What is expected — Output each of the entries exactly, skipping every picture they contain.

***** Information given *****

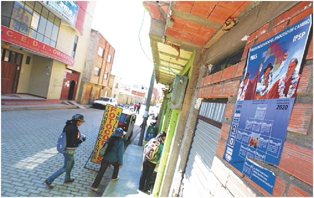 ALTIPLANO. En Achacachi solo se observan banderas y propaganda del MAS y de su candidato Evo Morales. La instrucción de los ponchos rojos es mantener el voto por los postulantes del partido oficialista
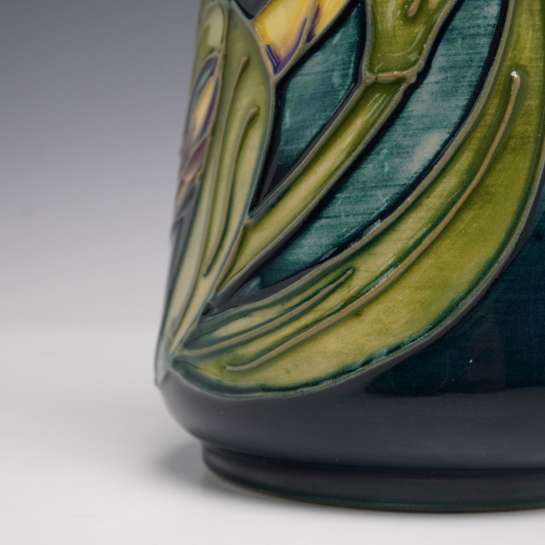 Elegantly decorated with intricately tube lined iris blossoms in shades of purple, lavender, and crimson with golden highlights, set amidst elongated green leaves that flow gracefully across the surface against a pale cream and deep teal ground. Designed for the Moorcroft Collectors Club. Marked "2101" and the year "96". Moorcroft impressed backstamp.
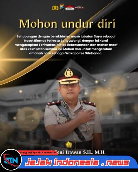 Melalui pesan terbuka yang disampaikan kepada Kapolresta Banyuwangi, Wakapolresta, para Pejabat Utama (PJU), serta seluruh Kapolsek jajaran Polresta Banyuwangi, Kompol Toni menyampaikan rasa terima kasih yang mendalam atas kebersamaan, dukungan, dan sinergi selama menjalankan tugas.
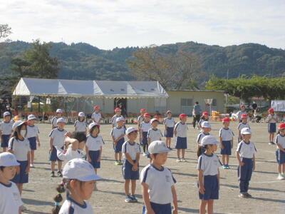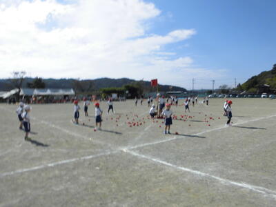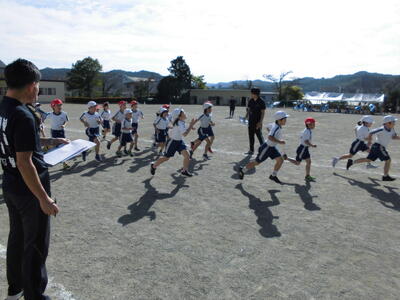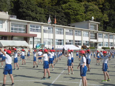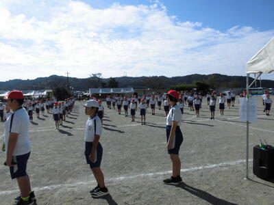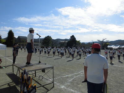 開会式、ラジオ体操、徒競走の順で始め、競技種目だけでなく係の児童の練習も兼ねて行いました。
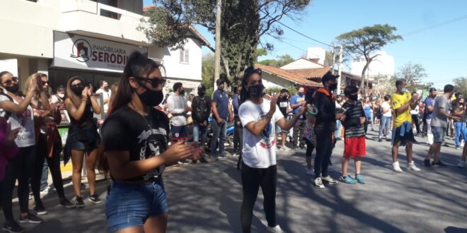 La manifestación comenzó como estaba pautada a las 12:30 del mediodía en la Plaza Carlos Gesell. Más de un centenar de vecinos y vecinas que trabajan y concurren a espacios deportivos de la ciudad, participaron de un reclamo para pedir que se abran las restricciones impuestas por el decreto municipal, que impide no solo el acceso al deporte como disciplina sino también como hábito saludable, además de generar desocupación y cierre de emprendimientos deportivos, con sus respectivas consecuencias. «Reclamamos trabajo dentro de los protocolos que usted disponga», dice el texto del petitorio dirigido al intendente Gustavo Barrera, que de forma manuscrita se realizó al fin de la manifestación en la puerta del municipio, para juntar firmas y presentarlo en la mesa de entrada.
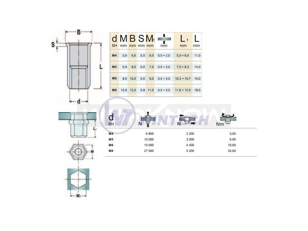 Kategorie: | Nýtovací matice se zápustnou hlavou, hexagonální |
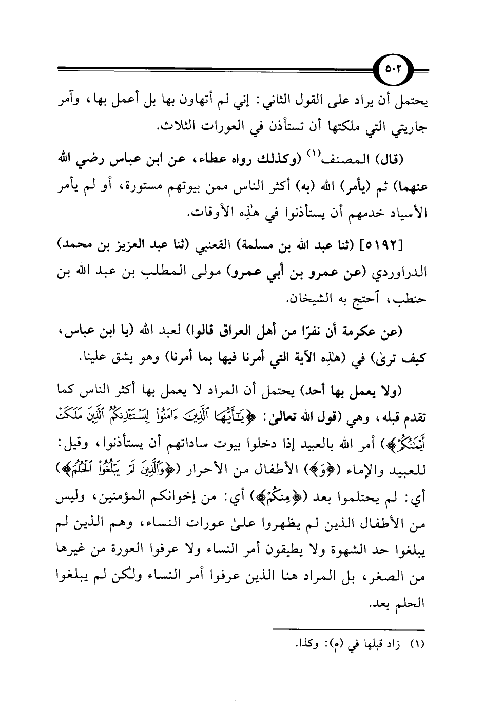 (قال) المصنف (¬1) (وكذلك رواه عطاء، عن ابن عباس رضي اللَّه عنهما) ثم (يأمر) اللَّه (به) أكثر الناس ممن بيوتهم مستورة، أو لم يأمر الأسياد خدمهم أن يستأذنوا في هذِه الأوقات.
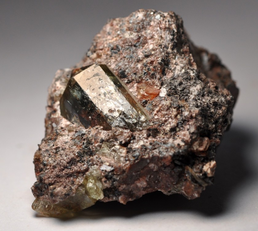 Bonjour à tous! Toujours en révision de ma collection, je vous présente une Apatite prismatique de 1,6 cm à terminaison pyramidale. Elle est transparente dans les tons vert olive à bleu vert. Elle est incluse dans une roche granuleuse assez dense. L'étiquette indique "Portugal" avec un point d'interrogation. Quelqu'un a-t-il déjà vu cela? Merci d'avance. -
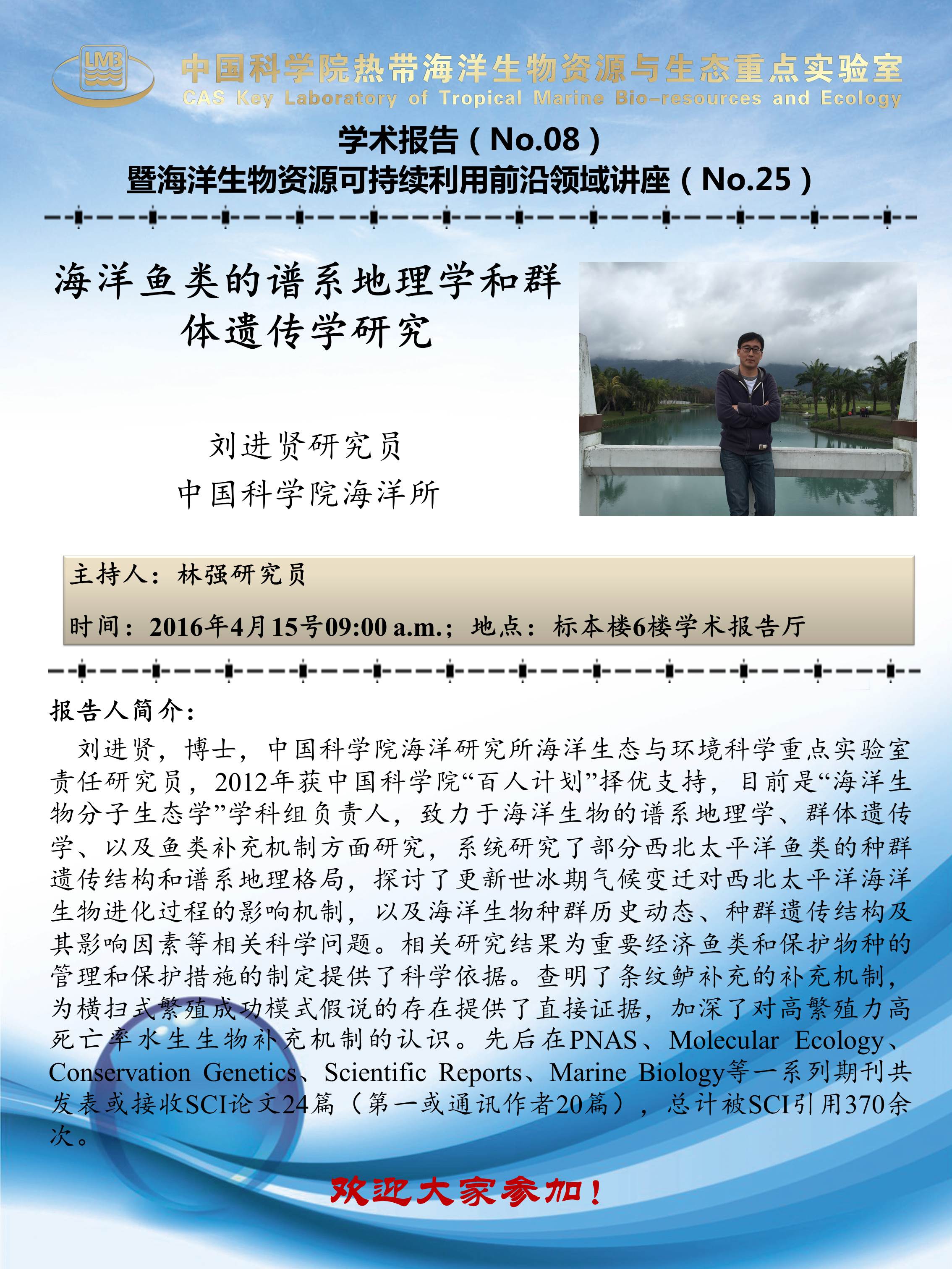 【LMB学术报告】4月15日_2016-08_海洋鱼类的谱系地理学和群体遗传学研究
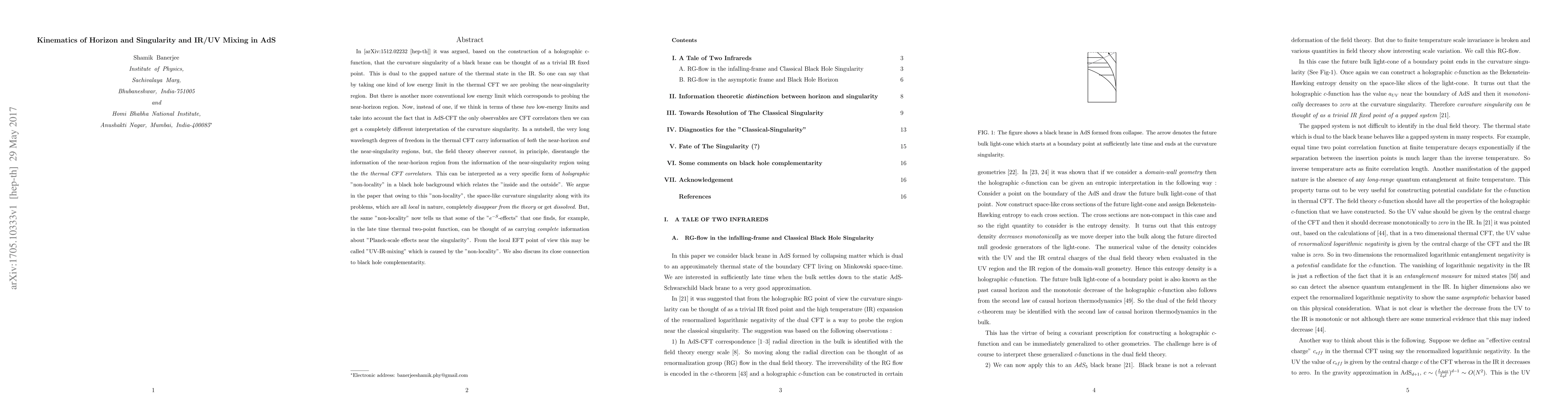 In [arXiv:1512.02232 [hep-th]] it was argued, based on the construction of a holographic c-function, that the curvature singularity of a black brane can be thought of as a trivial IR fixed point. This is dual to the gapped nature of the thermal state in the IR. So one can say that by taking one kind of low energy limit in the thermal CFT we are probing the near-singularity region. But there is another more conventional low energy limit which corresponds to probing the near-horizon region. Now, instead of one, if we think in terms of these two low-energy limits and take into account the fact that in AdS-CFT the only observables are CFT correlators then we can get a completely different interpretation of the curvature singularity. In a nutshell, the very long wavelength degrees of freedom in the thermal CFT carry information of both the near-horizon and the near-singularity regions, but, the field theory observer cannot, in principle, disentangle the information of the near-horizon region from the information of the near-singularity region using the the thermal CFT correlators. This can be interpreted as a very specific form of holographic "non-locality" in a black hole background which relates the "inside and the outside". We argue in the paper that owing to this "non-locality", the space-like curvature singularity along with its problems, which are all local in nature, completely disappear from the theory or get dissolved. But, the same "non-locality" now tells us that some of the "$e^{-S}$-effects" that one finds, for example, in the late time thermal two-point function, can be thought of as carrying complete information about "Planck-scale effects near the singularity". From the local EFT point of view this may be called "UV-IR-mixing" which is caused by the "non-locality". We also comment on its close relation to black hole complementarity.
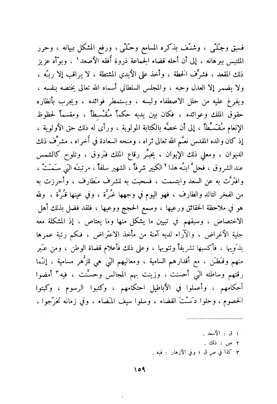 فسبق وجلى، وشنف بذكره المسامع وحلى، ورفع المشكل ببيانه، وحرر الملتبس ببرهانه، إلى أن أحله قضاء الجماعة ذروة أفقه الأصعد (1) ، وبوأه عزيز ذلك المقعد، فشرف الخطة، وأخذ على الأيدي المشتطة، لا يراقب إلا ربه، ولا يضمر إلا العدل وحبه، والمجلس السلطاني أسماه الله تعالى يختصه بنفسه، ويفرغ عليه من حلل الاصطفاء ولبسه، ويستمطر فزائده، ويجرب بأنظاره حقوق الملك وعوائده، فكان بين يديه حكماً مقسطاً، ومقسماً لحظوظ الإنعام مقسطاً، إلى أن خصه بالكتابة المولوية، ورأى له ذلك حق الأولوية، إذ كان والده المقدس نعم الله تعالى ثراه، ومنحه السعادة في أخراه، مشرف ذلك الديوان، ومعلي ذلك الإيوان، يحبر رقاع الملك فتروق، وتلوح كالشمس عند الشروق، فحل ابنه هذا (2) الكبير شرفاً، الشهير سلفاً، مرتبته التي سمت، وافترت به عن السعد وابتسمت، فسحبت به لشرف مطارف، وأحرزت به من الفخر التالد والطارف، فهواليوم في وجهها غرة، وفي عينها قرة، ولله هوفي ملاحظة الحقائق ورعيها، وسمع الحجج ووعيها، فلقد فضل بذلك أهل الاختصاص، وسبقهم في تبيين ما يشكل منها وما يعتاص، إذ المشكلة معه جلية الأغراض، والآراء لديه آمنة من مأخذ الاعتراض، فكم رتبة عمرها بذويها، فأكسبها تشريفاً وتنويهاً، وعلى ذلك فأعلام قضاة الوطن، ومن عبر منهم وقطن، مع أقدارهم السامية، ومعاليهم التي هي للزهر مسامية، إنما رقتهم وساطته التي أحسنت، وزينت بهم المجالس وحسنت، فيه (3) أمضوا أحكامهم، وأعلموا في الأباطيل احتكامهم، وكتبوا الرسوم، وكتبوا الخصوم، وحلوا دست القضاء، وسلوا سيف المضاء، وفي زمانه تخرجوا،
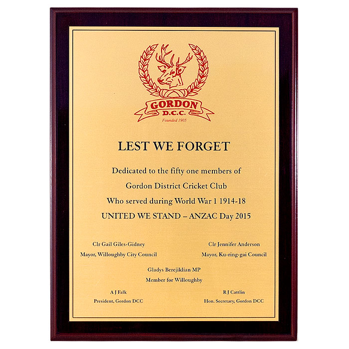 The Rosewood Wall Plaques (with brushed gold plates) are part of our extensive corporate range. These outstanding awards offer a premium choice for recognition and appreciation. Featuring a gloss rosewood timber plaque with a brushed gold face plate. These are engraved to show black wording and logo details. Can be hung on the wall or stand on a desk with the supplied rod stand. The price includes free frosted (etched) engraving or you have the option of UV colour printing for an additional cost.

*****

Output of the exercise —
 ALTIPLANO. En Achacachi solo se observan banderas y propaganda del MAS y de su candidato Evo Morales. La instrucción de los ponchos rojos es mantener el voto por los postulantes del partido oficialista
 Elegantly decorated with intricately tube lined iris blossoms in shades of purple, lavender, and crimson with golden highlights, set amidst elongated green leaves that flow gracefully across the surface against a pale cream and deep teal ground. Designed for the Moorcroft Collectors Club. Marked "2101" and the year "96". Moorcroft impressed backstamp.
 Melalui pesan terbuka yang disampaikan kepada Kapolresta Banyuwangi, Wakapolresta, para Pejabat Utama (PJU), serta seluruh Kapolsek jajaran Polresta Banyuwangi, Kompol Toni menyampaikan rasa terima kasih yang mendalam atas kebersamaan, dukungan, dan sinergi selama menjalankan tugas.
 開会式、ラジオ体操、徒競走の順で始め、競技種目だけでなく係の児童の練習も兼ねて行いました。
 La manifestación comenzó como estaba pautada a las 12:30 del mediodía en la Plaza Carlos Gesell. Más de un centenar de vecinos y vecinas que trabajan y concurren a espacios deportivos de la ciudad, participaron de un reclamo para pedir que se abran las restricciones impuestas por el decreto municipal, que impide no solo el acceso al deporte como disciplina sino también como hábito saludable, además de generar desocupación y cierre de emprendimientos deportivos, con sus respectivas consecuencias. «Reclamamos trabajo dentro de los protocolos que usted disponga», dice el texto del petitorio dirigido al intendente Gustavo Barrera, que de forma manuscrita se realizó al fin de la manifestación en la puerta del municipio, para juntar firmas y presentarlo en la mesa de entrada.
 Kategorie: | Nýtovací matice se zápustnou hlavou, hexagonální |
 (قال) المصنف (¬1) (وكذلك رواه عطاء، عن ابن عباس رضي اللَّه عنهما) ثم (يأمر) اللَّه (به) أكثر الناس ممن بيوتهم مستورة، أو لم يأمر الأسياد خدمهم أن يستأذنوا في هذِه الأوقات.
 Bonjour à tous! Toujours en révision de ma collection, je vous présente une Apatite prismatique de 1,6 cm à terminaison pyramidale. Elle est transparente dans les tons vert olive à bleu vert. Elle est incluse dans une roche granuleuse assez dense. L'étiquette indique "Portugal" avec un point d'interrogation. Quelqu'un a-t-il déjà vu cela? Merci d'avance. -
 【LMB学术报告】4月15日_2016-08_海洋鱼类的谱系地理学和群体遗传学研究
 In [arXiv:1512.02232 [hep-th]] it was argued, based on the construction of a holographic c-function, that the curvature singularity of a black brane can be thought of as a trivial IR fixed point. This is dual to the gapped nature of the thermal state in the IR. So one can say that by taking one kind of low energy limit in the thermal CFT we are probing the near-singularity region. But there is another more conventional low energy limit which corresponds to probing the near-horizon region. Now, instead of one, if we think in terms of these two low-energy limits and take into account the fact that in AdS-CFT the only observables are CFT correlators then we can get a completely different interpretation of the curvature singularity. In a nutshell, the very long wavelength degrees of freedom in the thermal CFT carry information of both the near-horizon and the near-singularity regions, but, the field theory observer cannot, in principle, disentangle the information of the near-horizon region from the information of the near-singularity region using the the thermal CFT correlators. This can be interpreted as a very specific form of holographic "non-locality" in a black hole background which relates the "inside and the outside". We argue in the paper that owing to this "non-locality", the space-like curvature singularity along with its problems, which are all local in nature, completely disappear from the theory or get dissolved. But, the same "non-locality" now tells us that some of the "$e^{-S}$-effects" that one finds, for example, in the late time thermal two-point function, can be thought of as carrying complete information about "Planck-scale effects near the singularity". From the local EFT point of view this may be called "UV-IR-mixing" which is caused by the "non-locality". We also comment on its close relation to black hole complementarity.
 فسبق وجلى، وشنف بذكره المسامع وحلى، ورفع المشكل ببيانه، وحرر الملتبس ببرهانه، إلى أن أحله قضاء الجماعة ذروة أفقه الأصعد (1) ، وبوأه عزيز ذلك المقعد، فشرف الخطة، وأخذ على الأيدي المشتطة، لا يراقب إلا ربه، ولا يضمر إلا العدل وحبه، والمجلس السلطاني أسماه الله تعالى يختصه بنفسه، ويفرغ عليه من حلل الاصطفاء ولبسه، ويستمطر فزائده، ويجرب بأنظاره حقوق الملك وعوائده، فكان بين يديه حكماً مقسطاً، ومقسماً لحظوظ الإنعام مقسطاً، إلى أن خصه بالكتابة المولوية، ورأى له ذلك حق الأولوية، إذ كان والده المقدس نعم الله تعالى ثراه، ومنحه السعادة في أخراه، مشرف ذلك الديوان، ومعلي ذلك الإيوان، يحبر رقاع الملك فتروق، وتلوح كالشمس عند الشروق، فحل ابنه هذا (2) الكبير شرفاً، الشهير سلفاً، مرتبته التي سمت، وافترت به عن السعد وابتسمت، فسحبت به لشرف مطارف، وأحرزت به من الفخر التالد والطارف، فهواليوم في وجهها غرة، وفي عينها قرة، ولله هوفي ملاحظة الحقائق ورعيها، وسمع الحجج ووعيها، فلقد فضل بذلك أهل الاختصاص، وسبقهم في تبيين ما يشكل منها وما يعتاص، إذ المشكلة معه جلية الأغراض، والآراء لديه آمنة من مأخذ الاعتراض، فكم رتبة عمرها بذويها، فأكسبها تشريفاً وتنويهاً، وعلى ذلك فأعلام قضاة الوطن، ومن عبر منهم وقطن، مع أقدارهم السامية، ومعاليهم التي هي للزهر مسامية، إنما رقتهم وساطته التي أحسنت، وزينت بهم المجالس وحسنت، فيه (3) أمضوا أحكامهم، وأعلموا في الأباطيل احتكامهم، وكتبوا الرسوم، وكتبوا الخصوم، وحلوا دست القضاء، وسلوا سيف المضاء، وفي زمانه تخرجوا،
 The Rosewood Wall Plaques (with brushed gold plates) are part of our extensive corporate range. These outstanding awards offer a premium choice for recognition and appreciation. Featuring a gloss rosewood timber plaque with a brushed gold face plate. These are engraved to show black wording and logo details. Can be hung on the wall or stand on a desk with the supplied rod stand. The price includes free frosted (etched) engraving or you have the option of UV colour printing for an additional cost.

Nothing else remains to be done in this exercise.